We have been seeing only what Coleridge’s unity is not. It is time to begin following the way of affirmation. True unity, Coleridge affirms repeatedly—thus. echoing the proverb of extremes—is polar, and it is by means of the idea “polarity” that he attempts throughout his prose to clarify the meanings of truth and spirit. Perhaps the most succinct of his descriptions of polarity is one deposited, with typical cunning, in a footnote to one of the numbers of his periodical The Friend:
EVERY POWER IN NATURE AND IN SPIRIT must evolve an opposite, as the sole means and condition of its manifestation: AND ALL OPPOSITION IS A TENDENCY TO RE-UNION. This is the universal Law of Polarity or essential Dualism.[13]
If this Law is to be grasped, one must understand, first of all, which of the two opposite meanings of polarity Coleridge intends. For “polarity” must certainly be numbered among that strange collection of words, including the English “cleave” and the German aufheben (which Hegel found so felicitous), whose meanings embrace two antonyms. At the one extreme, a polar relationship may mean a relationship between antagonists, a relationship robbed of Coleridgean unity altogether. This sense of the term is clearest, perhaps, in the verb “to polarize.” It is said, for example, that governments have been polarized in an international dispute. In this case, polarity tends to double for the words “conflict” and “enmity.” When used in this fashion, the poles in question are seen predominantly as independent individuals. In this way, polarity may come to mean precisely the opposite of harmony, participation, and unity: that which the poles have in common may be no more than the fact that they have nothing in common, that they tend only to draw away from each other. The language of existentialism, with its encounters and estrangements, would seem to have made this sense of the word the most common.
But, on the other hand, the word’s original application to magnetism may be emphasized. One may thus attend, not to the separation of antagonistic poles, but to the oneness of poles within a magnetic field or to the literal and metaphoricaI fact that opposites attract It is this second sense of polarity that must be stressed if spiritual truths are to be understood. Coleridge repeatedly focuses his readers’ attention upon this meaning of the word, as when he writes:
Polarity is not a Composite Force, or vis tertia constituted by the moments of two counter-agents. It is 1 manifested in 2, not 1 + 1 = 2…. The polar forces are the two forms, in which a one Power works in the same act and instant. Thus, it is not the Power, Attraction and the Power Repulsion at once tugging and tugging like two sturdy Wrestlers that compose the Magnet; but The Magnetic Power working at once positively and negatively. Attraction and Repulsion are the two Forces of the one magnetic Power.[14]
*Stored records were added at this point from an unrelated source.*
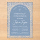 Boy First Communion Blue Arch Floral Pattern Acrylic Invitations
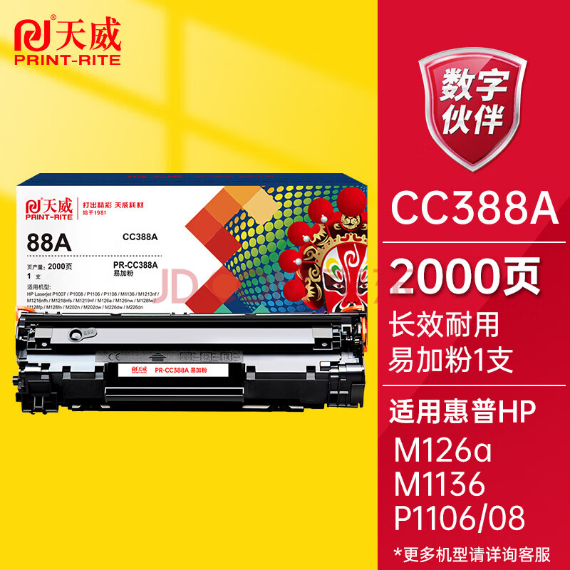 商品相册:天威CC388A/88X硒鼓 M1136硒鼓易加粉适用惠普 HP P1108 M126a P1106 M1139 M128fn M128fw M226dw打印机墨盒第
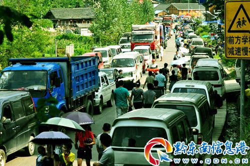 在采訪中,因?yàn)椴稍L車也被堵,記者只好棄車往黃平方向步行,結(jié)果發(fā)現(xiàn),從虎莊往黃平縣方向的堵車道路至少有3公里,道路上的車輛排成了一條長(zhǎng)龍。下午5時(shí)30分,斗牛場(chǎng)的比賽接近尾聲,加之交警部門大力疏導(dǎo),從虎莊至黃平方向的“堵勢(shì)”有所緩解,記者趁勢(shì)殺出“重圍”。但黃平往凱里方向的堵車狀況依然很嚴(yán)重。至事發(fā)當(dāng)晚8時(shí)許,記者原路返回,凱施公路堵車的狀況大為緩解,但因車流量極大,并未完全暢通,過往車輛排成長(zhǎng)隊(duì),緩緩而行,必要時(shí)還要“小停”幾分鐘等待。
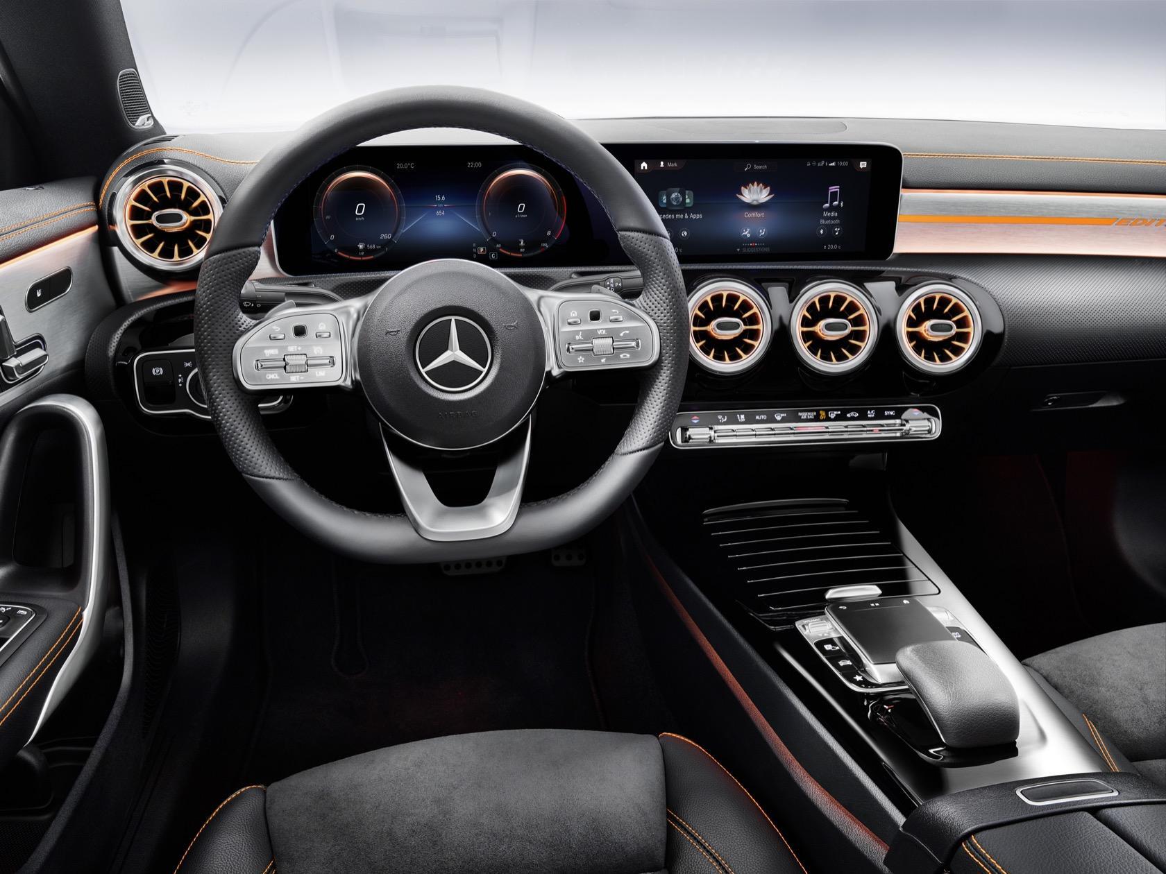 The tech, though, is primarily found inside. Like the 2019 A-Class, the new CLA uses the Mercedes-Benz User Experience, or MBUX, complete with twin 7-inch freestanding displays, voice control, and now gesture recognition. It'll arrive in US dealerships in late 2019.
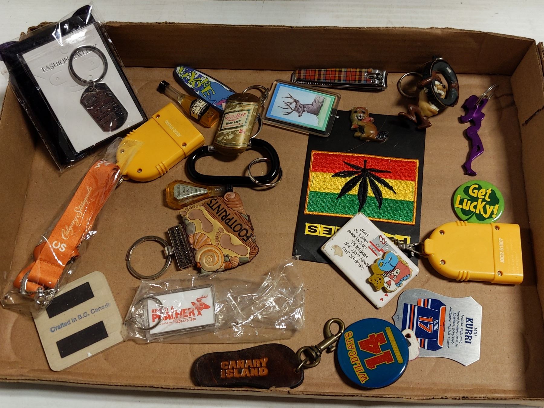 FLAT OF KEYCHAINS, PATCHES & MORE
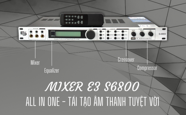 Tính năng điều chỉnh echo và reverb của mixer E3 S6800 độc lập với khả năng đáp ứng tần số dài và độ méo thấp. Bên cạnh đó, chip xử lý dữ liệu DSP 32 bit giúp cho S6800 có thể dễ dàng hơn trong việc thể hiện tất cả các dải âm thanh.
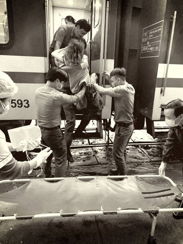 Nhân viên y tế chờ sẵn ở ga Huế để đưa hai mẹ con vào bệnh viện. Ảnh: Báo Tiền Phong
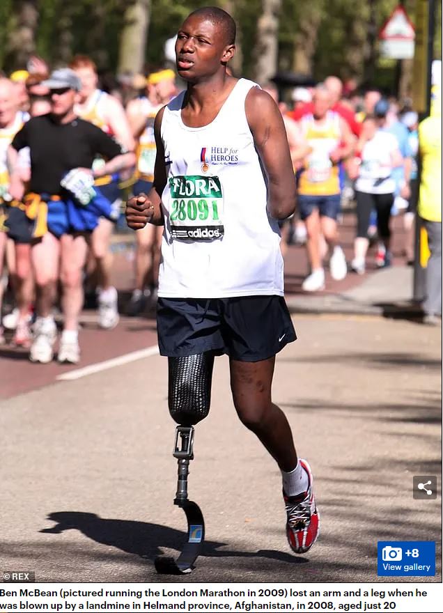 “Mr. McBean lost an arm and a leg and was expected to die on the flight home from the battlefield in Afghanistan. But after making a remarkable recovery, his original disabled badge taken away from him when he ran the London Marathon a year later.”
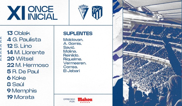 - Once del Atlético de Madrid: Oblak, Llorente, Witsel, Paulista, Hermoso, Lino, Koke, De Paul, Saúl, Memphis y Morata.
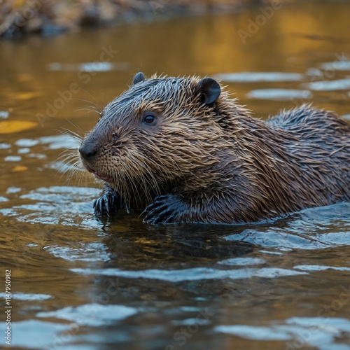 A turquoise-furred beaver cub swimming gracefully through a golden autumn river.
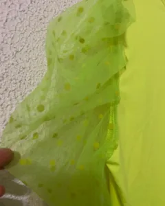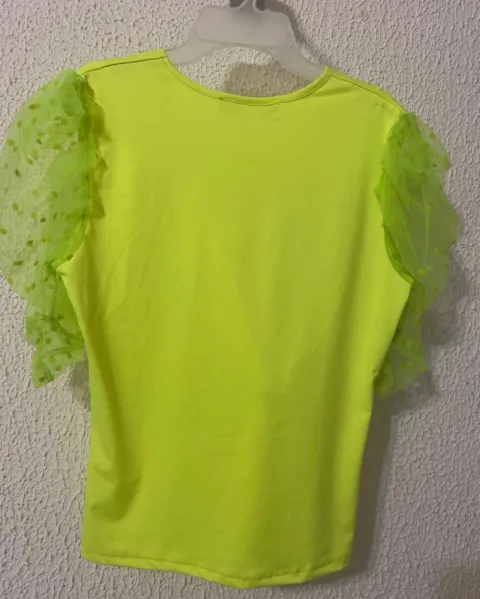 Padrísima blusa de lickra en color amarillo fosfo con manga de Tul y lunares , escote en v
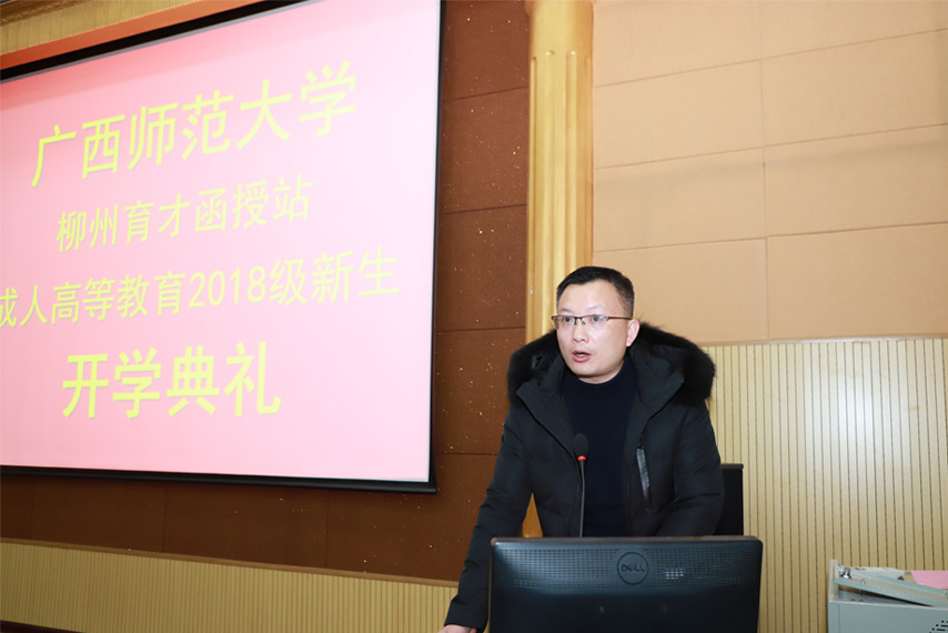 廣西育才教育黨支部書記、函授站站長蔣華老師對2018級新生入學表示熱烈的歡迎,他介紹了廣西育才教育、廣西師范大學柳州育才函授站的基本情況、辦學優(yōu)勢和近年所獲得的榮譽,同時向2018級新生們提出兩點希望:一是轉(zhuǎn)變學習觀念,處理好工學矛盾,做到工作、學習兩不誤;二是明確學習目的,端正學習態(tài)度,加強學習的自律性。蔣華老師表示,育才教育將會更好地搭建好學校和學員之間的橋梁,通過良好的學習環(huán)境、完善的教學管理和豐富多彩的學工活動等為學員們做好服務(wù),讓各位學員在這里學習好知識,擴展人脈資源和提高自身素質(zhì)。
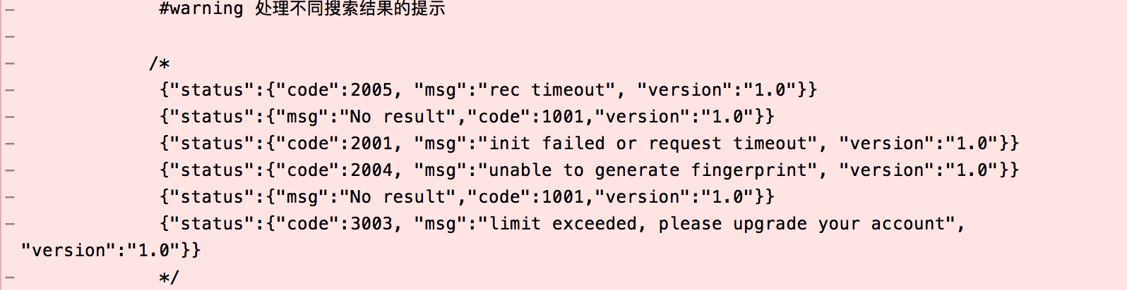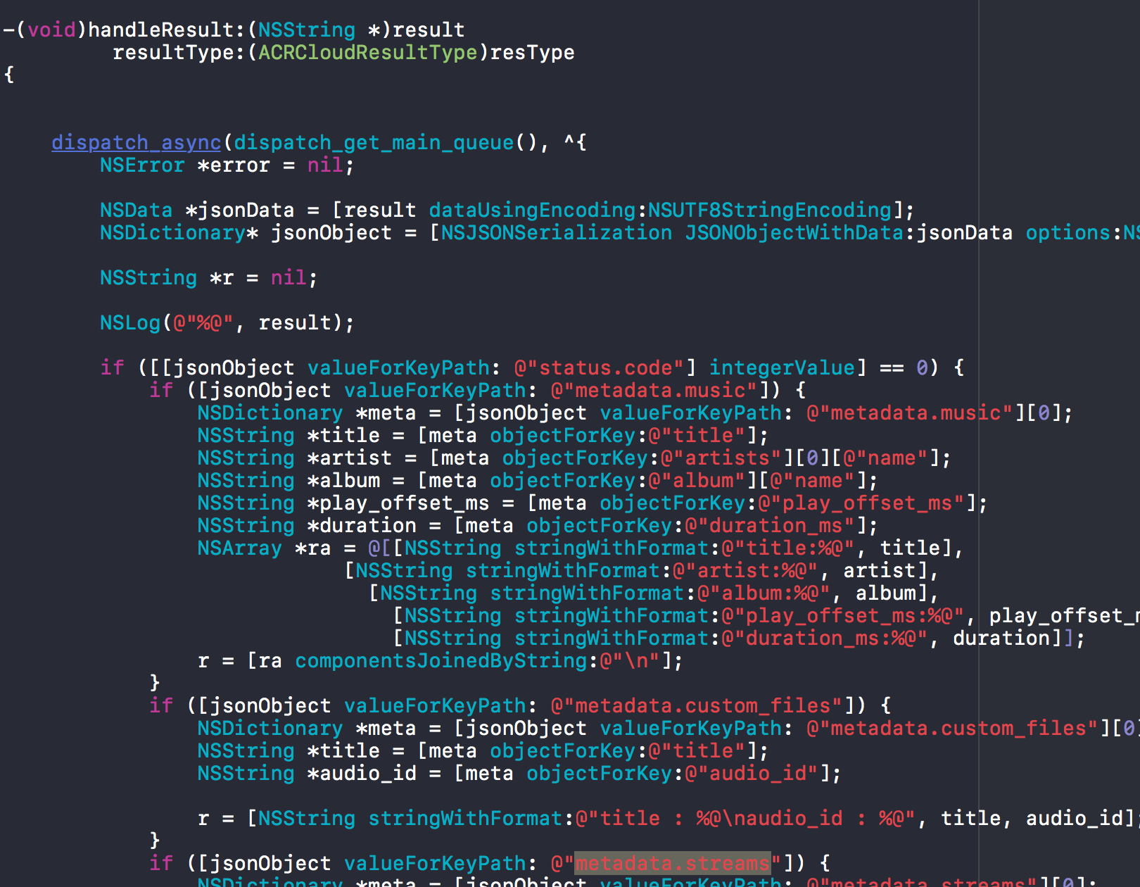 我们可以自己定义模型去接收,里面有返回最有效果的信息,如果有资源版权做App内歌曲播放器,可以用到识别的时候的播放未知,其他数据也很有用

Here the poles are seen, not so much with reference to opposition or discord, but in view of the fact that the poles are both parts of one thing, of a unity, whether it is a magnet, an electric current, or a globe. Polarity in this case entails harmony and co-operation, with one pole supplying what the other lacks and vice versa. Such poles complete each other and are required for each other’s existence. This meaning of the word is today more commonly employed, it seems, in scientific discussions, where positive and negative electrical charges are believed to support and stabilize each other, as in the nucleus of an atom. And this is the meaning first hinted at when it was asked that the analogy of the archer be set aside while the idea of double attraction be retained.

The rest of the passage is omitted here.